Definition of Disability in the Policy
The second most common reason for denial occurs during the change in the policy's definition of disability. During the first two years, most disability plans define disability as an inability to perform your own job. After two years, most plans redefine disability to include an inability to perform any job. This change in definition can be very difficult to overcome. Employees receiving benefits during the first two years get lulled into a false sense that their monthly income benefits are secure throughout the policy term. They stop seeing their doctor, and two years later, the rug gets pulled out from under them. The definition of disability suddenly is harder to meet, and they have less medical support because they haven't seen their doctor.
When you receive a denial in the mail, you typically only have 180 days to make an appeal. Once the 180 days ends, you can never add information to your claim file. Suing an insurance carrier for disability benefits allows a judge to review your claim file and decide if the adjuster acted arbitrarily in denying your claim. There is no live testimony, and no doctors get called to the stand — it is just a paper review of your file. If you want to win your case, you need to have a strong case file.

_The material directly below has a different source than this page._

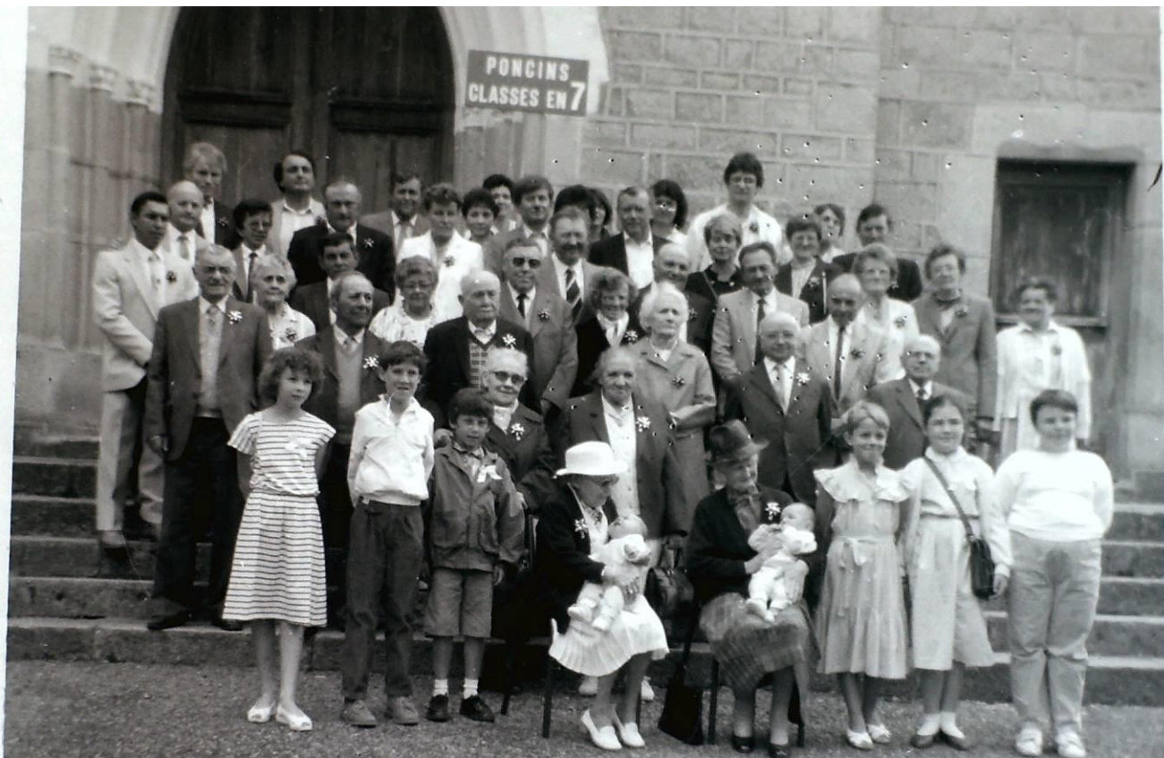
Classes en 7 en 1987 Les reconnaissez-vous ?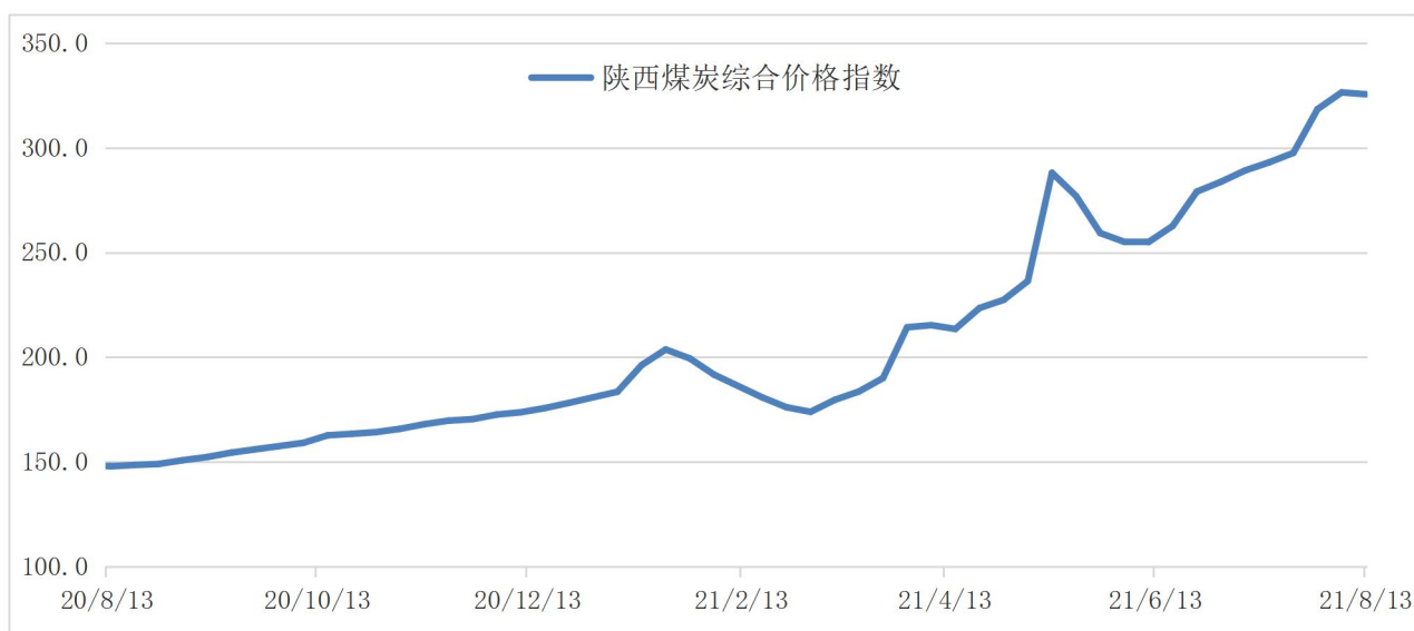
图 1: 综合指数走势图

In order to get a strong case file, you need to medically document your work restrictions and put vocational evidence in the file that supports your version of events. This all has to be completed by the time the 180-day time limit runs out.
Don't vainly try to document your own case file — hire a lawyer to get the necessary documentation in and do it quickly. The longer you wait to hire a lawyer, the more of the 180-day time limit passes, leaving a lawyer less and less time to assist with your claim.